Прокоп так и пристыл к окошку. Он увидел белоснежный дворец с легкими куполами, высокие пальмы и голубой водомет; крошечная фигурка с пером на тюрбане, в алом кафтанчике, желтых шароварах и с татарским ятаганом у пояса, склоняясь до земли, приветствует даму в белом, которая ведет под уздцы пляшущего коня.
— Где он… где Загур? — шепчет Прокоп.
Старичок пожал плечами.
— Там где-то, — неопределенно ответил он, — где прекраснее всего. Одни его находят, другие — нет. Повернуть дальше?
— Еще нет…
Старый отошел, принялся гладить лошадку по крупу.
— А ты погоди, погоди, но-но-но, — тихо заговорил он с ней. — Надо ведь ему показать, правда? Пусть себе радуется.
— Поверните, дедушка, — попросил ошеломленный Прокоп.
Последовали картинки с гамбургским портом, Кремлем, полярный пейзаж с северным сиянием, вулкан Кракатау, Бруклинской мост, собор Парижской Богоматери, туземная деревушка на Борнео; домик Дарвина в Дауне, станция беспроволочного телеграфа в Полдью*, шанхайская улица, водопады Виктории, замок Пернштин*, нефтяные вышки Баку.

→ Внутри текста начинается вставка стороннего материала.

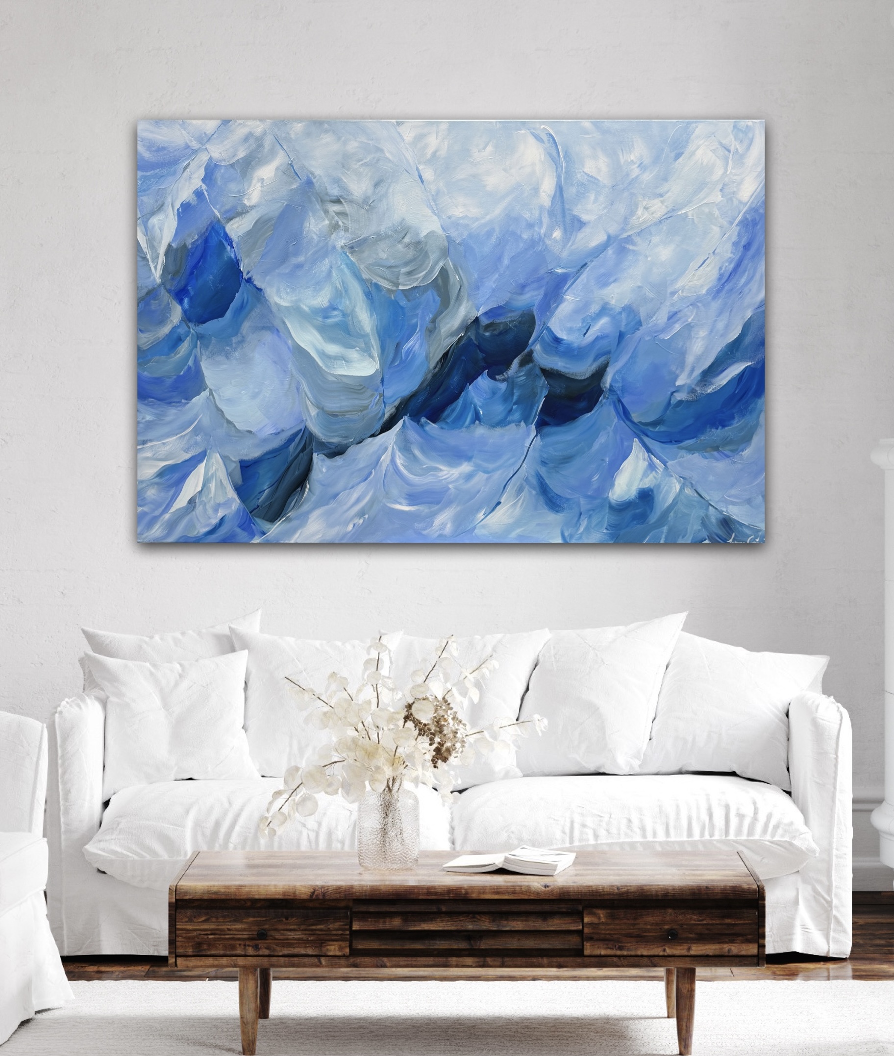 This striking artwork ‘Blue Haven’ captivates with its vibrant and intense blue tones. This artwork showcases layers of different shades of blue, with a dynamic play of light and depth creating an oceanic sanctuary.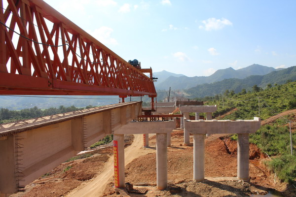 昌寧高速C5標(biāo)完成龍坊高架第一片40米T梁架設(shè) 發(fā)布時(shí)間:2014年09月18日 來(lái)源:昌寧高速C5標(biāo) 發(fā)布人: 作者:王振堂 瀏覽:2794次 9月18日上午9時(shí)18分,昌寧高速公路C5標(biāo)龍坊高架第一片40米T梁順利架設(shè)成功,標(biāo)志著作為全線控制性工程的龍坊高架橋進(jìn)入了上部施工階段,極大地提振了項(xiàng)目部全體員工和參建隊(duì)伍的戰(zhàn)斗精神。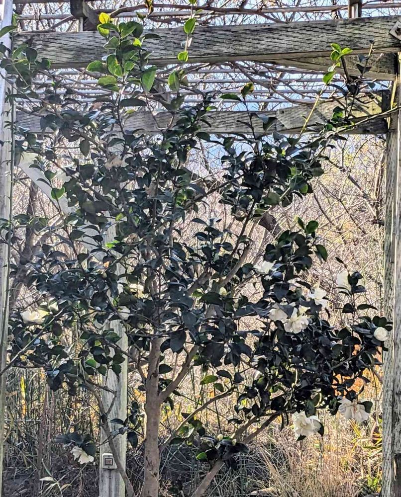 ①ドッグラン外側 藤棚下の山茶花が大分咲きました 白くて清楚でも華やかさのある山茶花です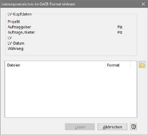 Einlesemaske für GAEB84-Dateien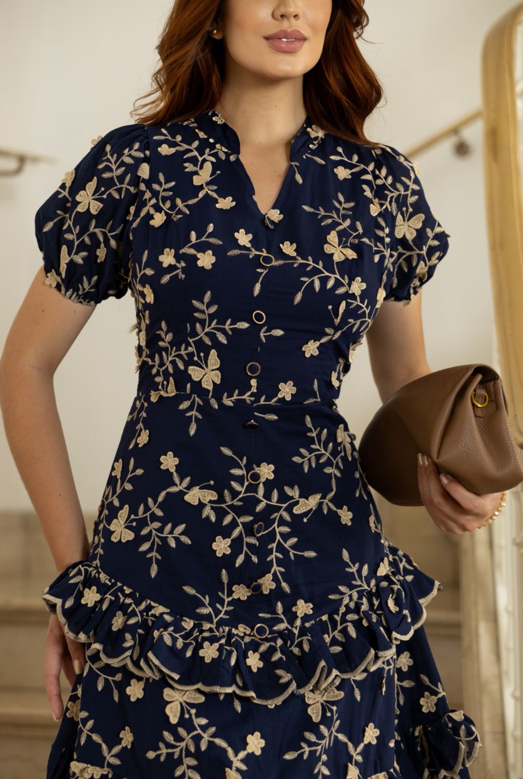 Vestido no modelo midi na cambraia bordada 3D, possui gola padre e decote em “V” e aplicação de botões ecapados não funcionais no busto até a saia, possui manga curta levemente bufante com aplicação de 2 marias marcadas com babados no mesmo tecido, possui zíper nas costas, possui forro.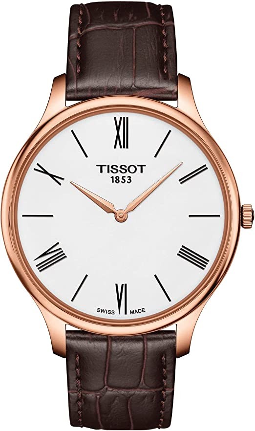 A touch of vintage and some vintage details, all housed in a 1950s curved enclosure, combine to create the Tissot heritage. The new model has a very thin casing, less than 5.5 mm, consisting of 2 hands and a Roman index.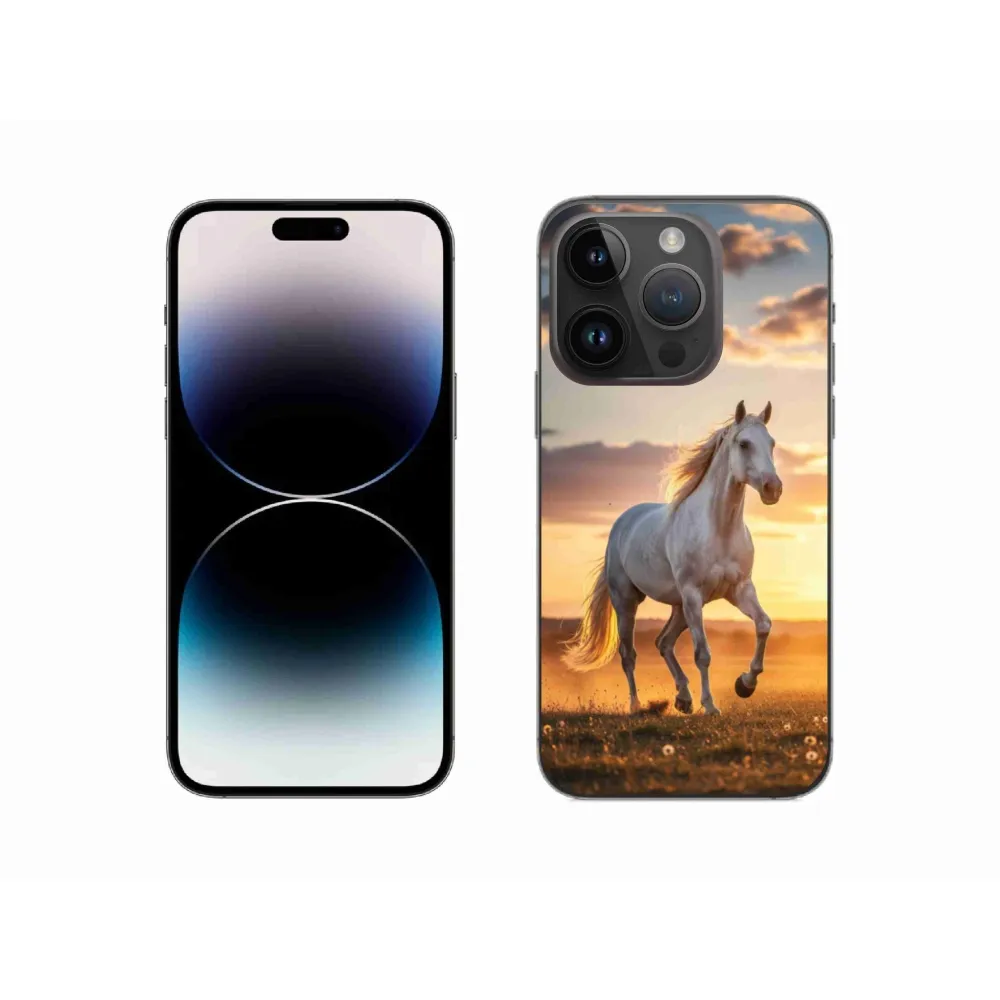 Pouzdro s motivem koně na iPhone 14 Pro - běžící bílý kůň 2 poskytuje všechny výhody gelových krytů, a to v zajímavém designu.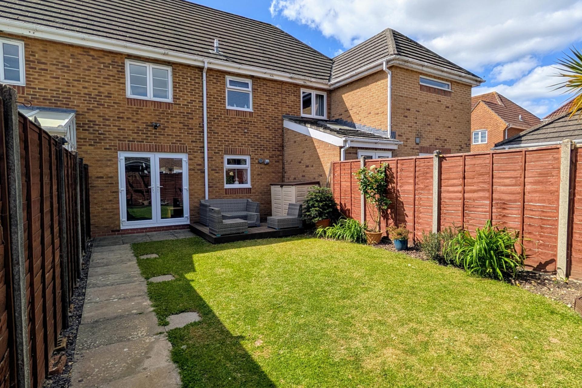 The rear garden has a path leading to the gated rear pedestrian access and an initial decked seating area with the remainder of the garden being laid to lawn.

— А вот и взрыв в Гроттупе, — сказал старичок: на картинке — клубы розового дыма, выброшенные серно-желтым пламенем высоко вверх, до самого обреза; в дыму и пламени жутко висят разорванные человеческие тела. — Погибло при этом взрыве больше пяти тысяч человек. Великое было несчастье, — вздохнул старичок. — Это моя последняя картинка. Ну, повидал мир?
— Нет, — как в дурмане, отозвался Прокоп.
Старый разочарованно покачал головой.
— Ты хочешь видеть слишком много. Долго жить будешь. — Он задул фитилек в ящике и, бормоча что-то, медленно опустил холстину. — Садись на козлы, поедем. — С этими словами он снял мешок со спины лошади и набросил Прокопу на плечи. Чтоб не замерз, — сказал он, подсаживаясь к нему; взял вожжи и тихонько свистнул. Лошадка пошла неторопливой рысью. Но-но, ми-лая! — нараспев крикнул старичок.
Мимо плыли аллеи берез и рябин, избы, прикрытые периной тумана, мирный спящий край.
— Дедушка, — вырвалось у Прокопа, — почему со мной все это случилось?
— А что, милый?
— Почему мне столько встретилось в жизни?
Задумался старый.
— А это только так кажется, — произнес он, наконец. — Все, что встречается человеку, исходит от него самого. Вот и разматывается с тебя, как ниточка с клубка.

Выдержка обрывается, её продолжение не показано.